I actually don't think there is a problem with the concept of a web of trust
per se. It's a fact of life. I think that the software doesn't help you use it
appropriately. Even if Alice says that a person is Bob, I should not be fooled
into thinking that it _really_ is Bob, or that Bob is trustworthy. All it says
is that when Alice talks about "Bob", she means this person who we're calling
"Bob". If "Bob" then introduces me to "Cathy", we shouldn't be fooled into
thinking that it really is Cathy. However, it's still very useful to know that
Cathy is Bob's friend who is Alice's friend. If Alice tells me to talk to
Bob's friend Cathy, I can be totally comfortable talking to the "Cathy" that
Bob introduced me to.

Just to make a more concrete example, imagine that you have a problem with
your software. You contact the company that supplies it and somehow determine
that the person you are contacting is really operating on behalf of the
company. They refer you to second line support. It would be incredibly useful
to know that the second line support person you are talking to is, in fact,
the second line support person you've been directed to and not a man in the
middle. You don't care who that second line support person is. Maybe they
aren't using their real name.
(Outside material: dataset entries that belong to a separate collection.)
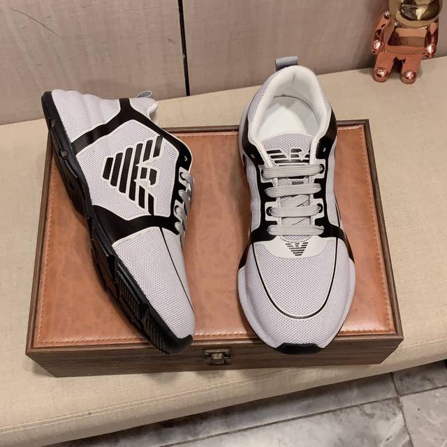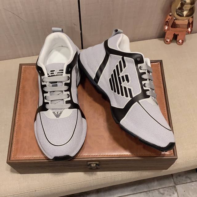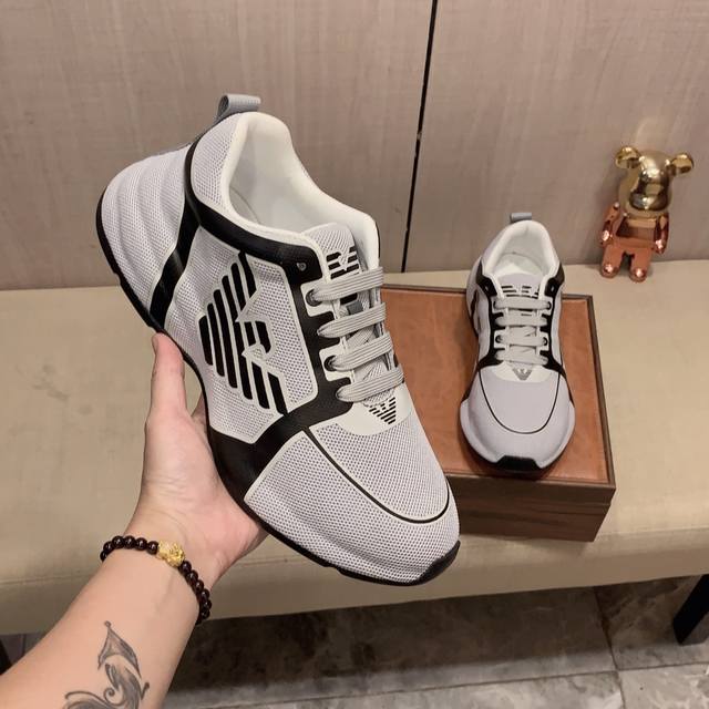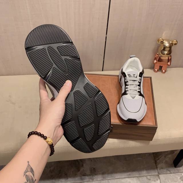 实价: Armani 阿玛尼 运动鞋牛皮面料,透气内里,真气鞋垫,超透气舒适,Pu鞋底轻巧舒适,高级感十足!男码38-44,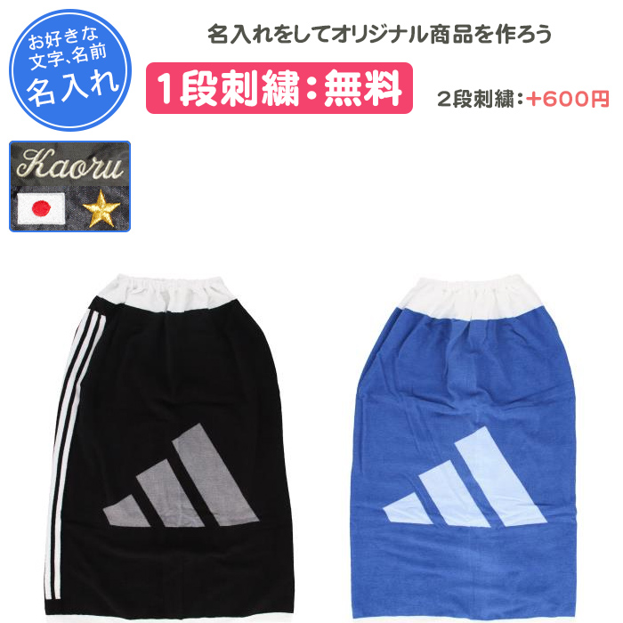 素材:綿100% 生産国:ベトナム サイズ:87×120CM カラー:A/ブラック、B/ブルー | | ■ 品番 | ADJT948 | | ■ 商品名 | ラップタオル大 | | ■ 刺繍の注意事項 | 1.特殊記号や旧文字の刺繍はできません。 2.ご注文後のキャンセル、返金、商品交換などはできません。 3.文字の間隔、刺繍文字の大きさ、加工位置は当店にて決めさせていただき、文字数が多くなるにつれて1文字の大きさが小さくなります。 4.刺繍の文字は、1段8文字までとさせていただきます。 5.ロゴ刺繍は、文字の糸と同色になります。なお、日本国旗のみ写真のように赤と白の刺繍となりますのでご注意ください。 6.ロゴ刺繍は、刺繍文字の後ろに入ります。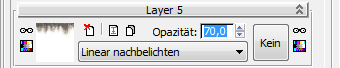 "Linear nachbelichten" kombiniert die Farbe der Pixel im oberen Layer mit den Farben der darunterliegenden Layer. Je dunkler die Farbe von Layer 5, desto stärker ist der Effekt: Mit den voreingestellten Werten wird das Ergebnis der Verschmelzung daher zu dunkel.

Maybe they are an illegal immigrant. None of
that matters to you. All you care is that they are the person you were
directed to. And if they direct you to third line support, you care that the
person you are talking to is the person you were directed to.

People get hung up on the wrong things with PGP IMHO. They check people's
passports and include photos in their keys, etc, etc. I mean, great if you are
the government trying to ascertain if a key really belongs to a citizen, but
completely useless for most practical purposes. _All_ you care about is that
chain.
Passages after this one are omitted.